The instability of rear electrodes undermines the long-term operational durability of efficient perovskite solar cells. Here, a composite electrode of copper-nickel (Cu-Ni) alloy stabilized by in situ grown bifacial graphene is designed. The alloying makes the work function of Cu suitable for regular perovskite solar cells. Cu-Ni is the ideal substrate for preparing high-quality graphene via chemical vapour deposition, which simultaneously protects the device from oxygen, water and reactions between internal components.
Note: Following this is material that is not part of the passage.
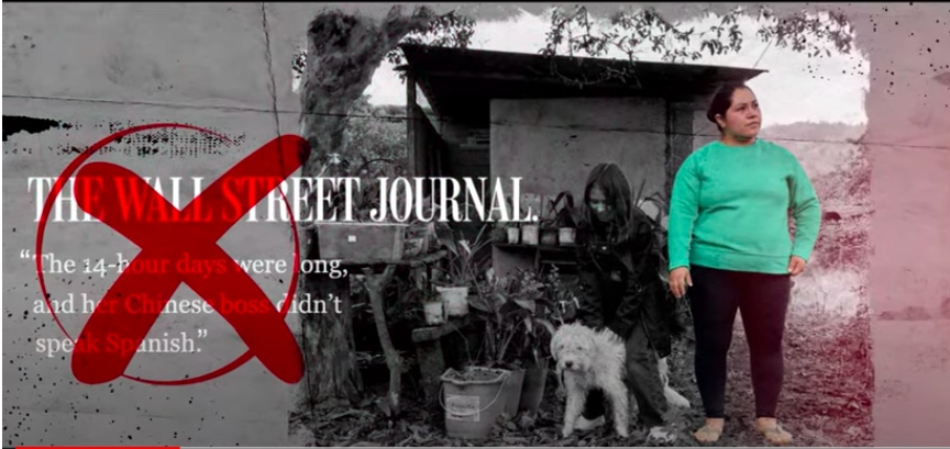 《華爾街日?qǐng)?bào)》在文章中提到厄瓜多爾科卡科多-辛克雷水電站附近兩名當(dāng)?shù)厝?,?duì)她們的話語(yǔ)斷章取義,以此暗示讀者,當(dāng)?shù)厝恕皩?duì)中國(guó)企業(yè)心懷不滿”以及中國(guó)公司“強(qiáng)迫當(dāng)?shù)貑T工加班且工作環(huán)境惡劣”。

To rivet the composite electrode with the semi-device, a thermoplastic copolymer is applied as an adhesive layer through hot pressing. The resulting devices achieve power conversion efficiencies of 24.34% and 20.76% (certified 20.86%) with aperture areas of 0.09 and 1.02 cm(2), respectively. The devices show improved stability: 97% of their initial efficiency is retained after 1,440 hours of a damp-heat test at 85 degrees C with a relative humidity of 85%; 95% of their initial efficiency is retained after 5,000 hours at maximum power point tracking under continuous 1 sun illumination.

The instability of contact layers for perovskite solar cells under operating conditions limits the deployment of the technology. Now, Lin et al. develop a Cu-Ni electrode sandwiched between in situ-grown graphene protective layers, enabling solar cells with improved stability under light, humidity and high temperature.